Reputation: 368
The following function counts the number of points within different segments of a circle. This function works as intended when exporting counts for a single point in time. However, when trying export this count at different points in time using a groupby call, it still combines all counts to a single output.
import pandas as pd
import numpy as np
df = pd.DataFrame({
'Time' : ['19:50:10.1','19:50:10.1','19:50:10.1','19:50:10.1','19:50:10.2','19:50:10.2','19:50:10.2','19:50:10.2'],
'id' : ['A','B','C','D','A','B','C','D'],
'x' : [1,8,0,-5,1,-1,-6,0],
'y' : [-5,2,-5,2,5,-5,-2,2],
'X2' : [0,0,0,0,0,0,0,0],
'Y2' : [0,0,0,0,0,0,0,0],
'Angle' : [0,0,0,0,0,0,0,0],
})
def checkPoint(x, y, rotation_angle, refX, refY, radius = 10):
section_angle_start = [(i + rotation_angle - 45) for i in [0, 90, 180, 270, 360]]

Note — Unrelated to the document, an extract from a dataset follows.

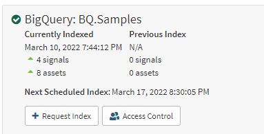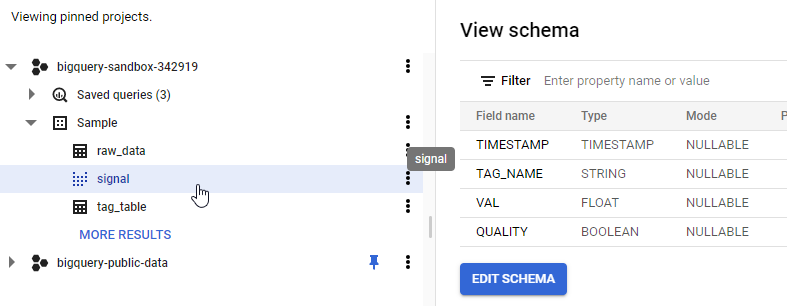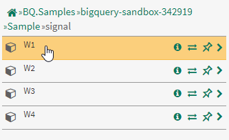 The BigQuery connector uses a configuration pattern for connecting to a BigQuery data warehouse. It requires the name of a project, a dataset, and a table or a view; it also requires the name of the column that represents time and the names of the columns that contain values.

Angle = np.arctan2(x-refX, y-refY) * 180 / np.pi
Angle = Angle % 360
# adjust range
if Angle > section_angle_start[-1]:
Angle -= 360
elif Angle < section_angle_start[0]:
Angle += 360
for i in range(4):
if section_angle_start[i] < Angle < section_angle_start[i+1]:
break
else:
i = 0
return i+1
tmp = []
result = []
The following is my attempt to pass the checkPoint
function to each unique group in Time
.
for group in df.groupby('Time'):
for i, row in df.iterrows():
seg = checkPoint(row.x, row.y, row.Angle, row.X2, row.Y2)
tmp.append(seg)
result.append([tmp.count(i) for i in [1,2,3,4]])
df = pd.DataFrame(result, columns = ['1','2','3','4'])
Out:
1 2 3 4
0 2 1 3 2
1 4 2 6 4
Intended Out:
1 2 3 4
0 0 1 2 1
1 2 0 1 1
Upvotes: 0
Views: 68
Reputation: 8269
Your inner loop is running through your entire DataFrame, and generating the double-counting you are observing.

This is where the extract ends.